V is for victory | VailDaily.com

V is for victory

Wren Wertin

Until Eve Ensler’s “The Vagina Monologues” made their debut in 1996, vagina was a word saved for feminist-literature discussions, doctor’s offices and self-help groups. Now, it’s bandied about on the radio, over dinner, during intermission – people are talking about vaginas. “The Vagina Monologues” are being performed at the Vilar Center this Feb. 25 and 26.

Ensler wrote the play, which is performed by three women atop bar stools. The stage is stark, the dress is black or white, the feet are barefoot. Based on her interviews with more than 200 women, Ensler created several monologues. Some are funny, some poignant, some downright sad. All connect to the crowd in a real way.

“The Vagina Monologues” were performed in Aspen last month, with Starla Benford, Kristen Lee Kelly and Shawn Colvin.
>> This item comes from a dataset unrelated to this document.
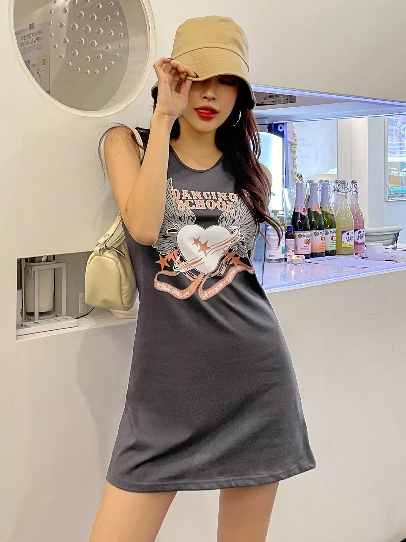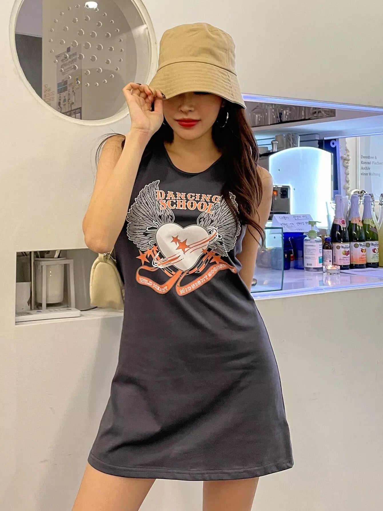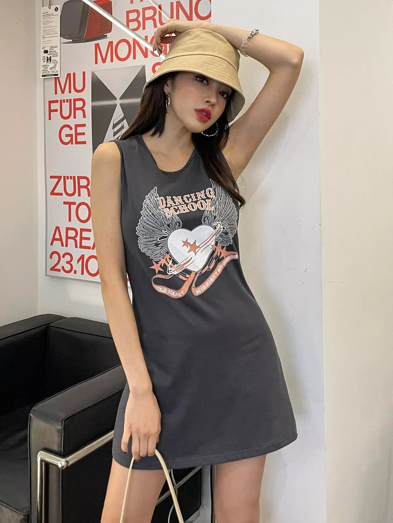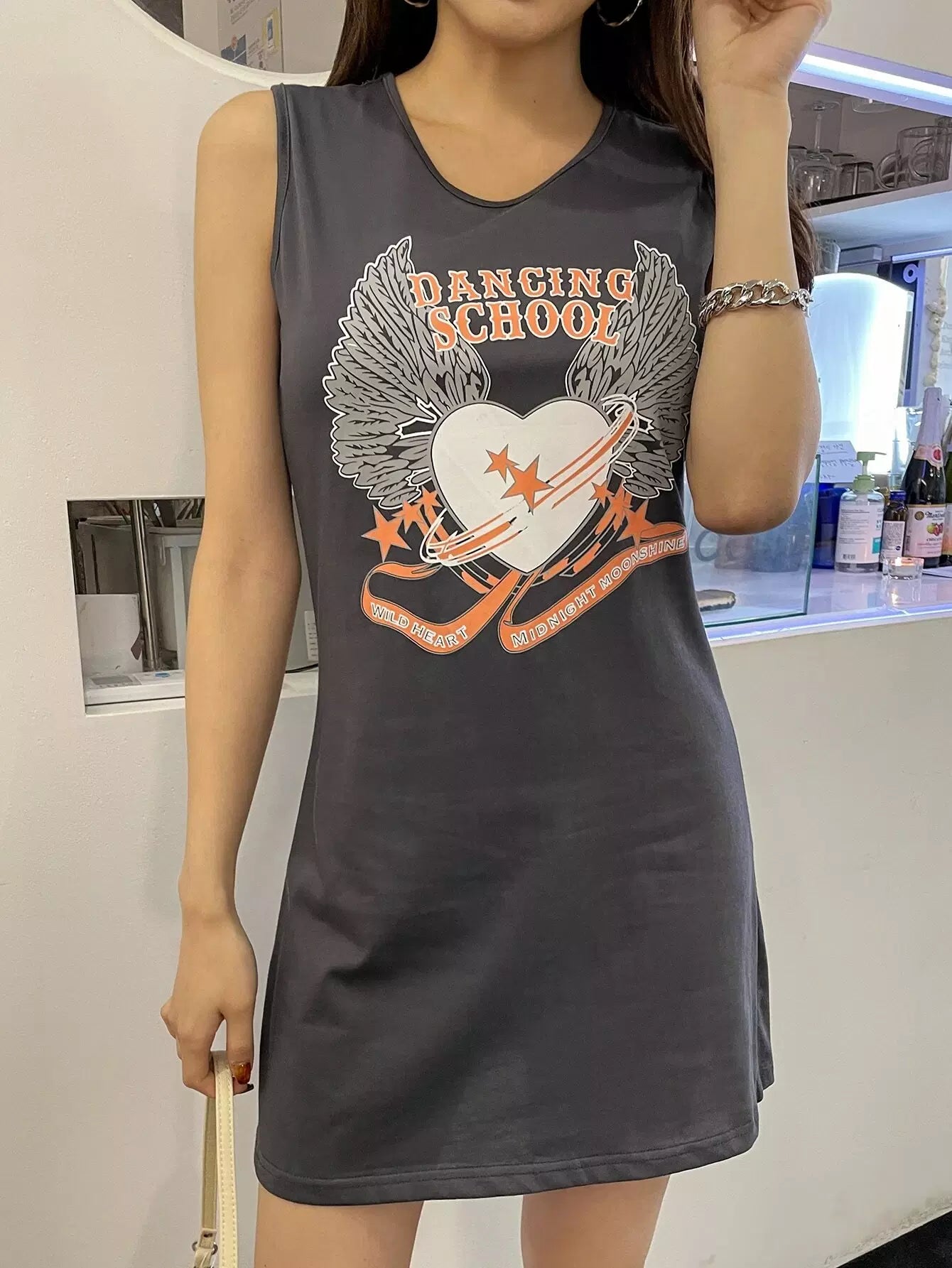 فستان بدون أكمام بطبعة حروف ونجمة

The evening opened with a hearty greeting to all of the daring penises who were willing to sit through the 90-minute barrage of the “v” word. The women in the crowd, some dripping furs and diamonds, others sporting fleece and beanies, showed their support of the men with catcalls and clapping. Looking around at all of the estrogen-powered raucousness, I knew we were in for quite an evening. When you attend the monologues, you don’t just hear about vaginas; you’re asked to celebrate them.

“I’ll bet you’re worried,” sang Benford, with a sly look. “I was worried, too. I was worried about vaginas. I was worried about vaginas, and even more worried that we don’t think about them. There’s so much darkness and secrecy surrounding them, like the Bermuda triangle. Nobody ever reports back from there.”
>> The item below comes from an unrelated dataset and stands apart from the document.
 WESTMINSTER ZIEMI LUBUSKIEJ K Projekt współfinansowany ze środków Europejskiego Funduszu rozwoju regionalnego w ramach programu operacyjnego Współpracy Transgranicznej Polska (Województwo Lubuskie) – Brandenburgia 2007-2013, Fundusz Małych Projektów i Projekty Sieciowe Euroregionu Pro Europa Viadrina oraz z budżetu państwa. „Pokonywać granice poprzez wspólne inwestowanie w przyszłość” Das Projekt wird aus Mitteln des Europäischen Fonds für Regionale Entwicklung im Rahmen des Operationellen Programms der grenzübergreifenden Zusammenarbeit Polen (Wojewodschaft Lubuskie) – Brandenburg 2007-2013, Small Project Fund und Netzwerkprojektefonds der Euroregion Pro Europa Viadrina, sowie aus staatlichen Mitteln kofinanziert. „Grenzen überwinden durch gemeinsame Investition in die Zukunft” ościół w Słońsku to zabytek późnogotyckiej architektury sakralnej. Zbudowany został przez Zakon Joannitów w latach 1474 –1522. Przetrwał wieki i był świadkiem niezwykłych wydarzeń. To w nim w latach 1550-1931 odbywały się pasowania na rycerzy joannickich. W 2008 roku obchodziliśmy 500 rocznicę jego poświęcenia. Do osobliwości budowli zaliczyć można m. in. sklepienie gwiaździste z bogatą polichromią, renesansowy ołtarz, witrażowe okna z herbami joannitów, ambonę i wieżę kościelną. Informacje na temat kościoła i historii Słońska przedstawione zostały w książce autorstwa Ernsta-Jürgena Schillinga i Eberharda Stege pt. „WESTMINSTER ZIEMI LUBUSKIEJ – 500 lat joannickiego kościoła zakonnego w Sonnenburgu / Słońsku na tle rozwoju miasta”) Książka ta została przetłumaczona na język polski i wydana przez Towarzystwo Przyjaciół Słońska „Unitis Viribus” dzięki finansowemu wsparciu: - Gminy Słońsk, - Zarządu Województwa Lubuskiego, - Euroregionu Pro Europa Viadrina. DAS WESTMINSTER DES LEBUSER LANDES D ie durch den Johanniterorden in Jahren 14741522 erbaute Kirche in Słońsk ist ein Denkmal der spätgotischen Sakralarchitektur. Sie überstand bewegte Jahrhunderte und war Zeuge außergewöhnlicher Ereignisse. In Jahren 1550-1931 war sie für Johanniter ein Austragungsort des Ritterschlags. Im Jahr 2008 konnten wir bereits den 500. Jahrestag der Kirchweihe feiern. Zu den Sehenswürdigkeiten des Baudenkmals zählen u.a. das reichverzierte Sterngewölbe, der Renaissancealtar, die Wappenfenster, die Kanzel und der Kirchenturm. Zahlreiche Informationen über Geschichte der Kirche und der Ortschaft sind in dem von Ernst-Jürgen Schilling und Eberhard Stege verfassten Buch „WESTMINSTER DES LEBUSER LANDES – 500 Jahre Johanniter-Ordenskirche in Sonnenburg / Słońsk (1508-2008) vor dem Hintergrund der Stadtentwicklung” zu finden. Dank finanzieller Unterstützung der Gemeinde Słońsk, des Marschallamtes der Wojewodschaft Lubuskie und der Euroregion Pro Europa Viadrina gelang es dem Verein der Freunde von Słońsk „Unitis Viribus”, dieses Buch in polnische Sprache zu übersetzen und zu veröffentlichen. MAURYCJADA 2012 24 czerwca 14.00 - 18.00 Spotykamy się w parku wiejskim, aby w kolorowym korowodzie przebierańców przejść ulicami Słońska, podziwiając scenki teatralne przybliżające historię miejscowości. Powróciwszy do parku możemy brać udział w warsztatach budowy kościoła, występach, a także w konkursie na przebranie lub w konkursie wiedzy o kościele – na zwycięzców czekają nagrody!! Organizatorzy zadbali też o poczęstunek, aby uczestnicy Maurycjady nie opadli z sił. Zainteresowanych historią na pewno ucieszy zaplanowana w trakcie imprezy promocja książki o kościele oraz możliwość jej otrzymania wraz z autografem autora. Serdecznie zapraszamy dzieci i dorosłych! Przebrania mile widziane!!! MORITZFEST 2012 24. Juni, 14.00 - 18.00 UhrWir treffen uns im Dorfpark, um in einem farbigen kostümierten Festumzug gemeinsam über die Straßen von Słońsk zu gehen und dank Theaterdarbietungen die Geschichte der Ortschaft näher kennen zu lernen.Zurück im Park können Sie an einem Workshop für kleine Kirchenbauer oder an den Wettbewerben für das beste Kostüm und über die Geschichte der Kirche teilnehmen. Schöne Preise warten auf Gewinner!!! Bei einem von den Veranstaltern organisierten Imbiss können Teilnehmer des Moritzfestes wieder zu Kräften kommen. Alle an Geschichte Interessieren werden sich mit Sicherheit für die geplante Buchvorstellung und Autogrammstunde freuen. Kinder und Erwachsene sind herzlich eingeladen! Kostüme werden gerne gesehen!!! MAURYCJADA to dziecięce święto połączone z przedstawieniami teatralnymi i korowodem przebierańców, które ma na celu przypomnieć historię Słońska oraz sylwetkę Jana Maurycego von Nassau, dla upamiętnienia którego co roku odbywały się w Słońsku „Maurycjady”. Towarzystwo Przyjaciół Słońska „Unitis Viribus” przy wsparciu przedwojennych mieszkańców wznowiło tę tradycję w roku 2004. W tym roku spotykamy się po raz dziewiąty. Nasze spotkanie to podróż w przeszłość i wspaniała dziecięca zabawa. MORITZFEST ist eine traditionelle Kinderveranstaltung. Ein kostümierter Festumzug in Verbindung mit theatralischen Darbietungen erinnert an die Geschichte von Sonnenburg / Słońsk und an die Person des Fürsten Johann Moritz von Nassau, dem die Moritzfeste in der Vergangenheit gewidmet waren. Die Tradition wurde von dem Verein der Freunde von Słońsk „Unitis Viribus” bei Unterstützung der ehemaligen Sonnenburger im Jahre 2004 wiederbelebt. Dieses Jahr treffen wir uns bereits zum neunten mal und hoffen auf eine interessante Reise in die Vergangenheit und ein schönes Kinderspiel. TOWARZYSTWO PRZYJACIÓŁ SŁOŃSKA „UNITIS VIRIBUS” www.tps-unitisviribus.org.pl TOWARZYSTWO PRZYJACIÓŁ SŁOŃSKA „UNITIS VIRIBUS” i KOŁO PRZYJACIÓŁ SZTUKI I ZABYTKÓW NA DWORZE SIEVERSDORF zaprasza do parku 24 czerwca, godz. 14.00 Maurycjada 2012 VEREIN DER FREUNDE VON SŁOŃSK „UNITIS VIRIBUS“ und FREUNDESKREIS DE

As the three women went on to illustrate from their perches, vaginas are sources of unlimited power and unlimited pain. They’re vulnerable, hungry, hopeful, sensitive. They have names – lots of names, some of which are unprintable. They make some women moan and cry; some women don’t want to talk about down there. Why would you even ask?

The performance goes quickly, staged without an intermission. Some reviewers – male, as it happens –have disliked the fact they use the v word so much (128 times in one show, according to Newsweek). And it’s certainly a barrage of the word; but unlike some performances, the show doesn’t meander from topic to topic. The subject is announced and explored. There is no deviation – vaginas rule the show.

If the actresses weren’t so strong, the evening would fall flat. But they carry it, with strength and poise. Whether they’re portraying a dominatrix or an abused and terrified little girl, the women shine, beckoning the audience to travel the road with them. Vaginas – there’s so need to be worried. You have one or you don’t, but all can laugh and cry.

“The Vagina Monologues” will be performed at the Vilar Center in Beaver Creek Feb. 25 and 26 at 7:30 p.m. Tickets are on sale now.